Не нравилось кой-что ему и в частной жизни здешних людей, особенно, когда ему самому это было неудобно и невыгодно. Не нравился ему, например, донельзя обычай эпирских вдов – носить столько лет после мужа одни лишь темные цвета, почти не выходить из дома, не посещать даже церквей.

Еще участь молодых вдов, таких, как Аспазия, могла перемениться от нового замужества; но вдовы пожилые были до гроба осуждены общественным мнением носить один черный цвет и не покидать жилища своего ни в каком случае: ни для пира дружеского, ни для свадьбы близкого, ни для молитв, ни для простой прогулки, разве-разве для посещения больного и умирающего.

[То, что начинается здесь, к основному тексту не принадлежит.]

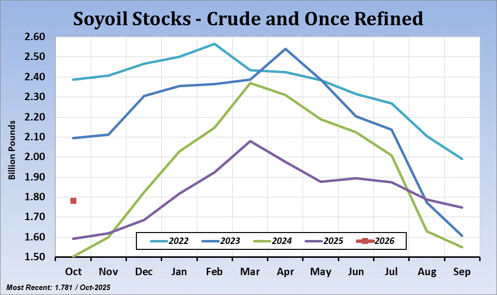 | US Soybean Oil Stocks - Crude & Once Refined (Billons of Pounds) | ||||||||
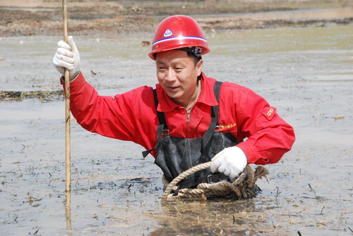 焊接機組電焊班長周平涉水測量河道。
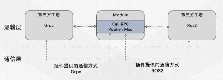 如果发现其中一个模块需要部署在机器人端,另一个需要部署在云端,则 client-server 之间可以通过 http、tcp 等方式进行通信。

Женщины эпирских городов и не роптали на это… Мужчины хвалят этот обычай, и когда однажды Алкивиад осуждал этот обычай при старике Парасхо, – Парасхо, выслушав взрыв его негодования, ответил ему сурово:

– Хороший обычай! прекрасный обычай! Обычай хранительный для светской семьи! Каков бы ни был супруг, добрый или злой, супруга знает, что она наслаждаться жизнью может лишь до тех пор, пока существует супруг… Она знает, что с его смертью для нее закрыто все… Да! она знает это, и как бы ни был с ней супруг суров или жесток, она молится о продлении его жизни!..

– Храни, храни народное, – прибавил еще старик, вздыхая и качая головой. – Народное – святыня!..

– Так после этого, – воскликнул Алкивиад, – нам остается один шаг до самосожжения индийских вдов!..

– Нам до этого еще далеко, – ответил старичок.

Алкивиад уговаривал Аспазию, по крайней мере, гулять для здоровья. Доктор, который лечил Ламприди, поддерживал Алкивиада.

У Аспазии был свой апельсинный сад на конце города. Он достался на ее долю после смерти мужа и давал недурной доход. Но Аспазия не видала его ни при жизни мужа, ни вдовой.

Раз в месяц приходил к Аспазии садовник, докладывал ей, как цветет сад, как созревают плоды или как идет их сбыт; приносил букет цветов, узел апельсинов и лимонов или две-три золотых лиры за продажу фруктов… Аспазия осматривала апельсины, разрезывала их, смотрела, не испортились ли они от холодов, считала деньги; давала садовнику небольшую награду, а сама в сад все-таки не шла.

Алкивиад в этом саду был несколько раз, несмотря на зимнее время; имел там гостей у садовника; лежал на рогожке подолгу под тенью прекрасных деревьев, обремененных и в это суровое время года плодами; мечтал о любви, о судьбах отчизны.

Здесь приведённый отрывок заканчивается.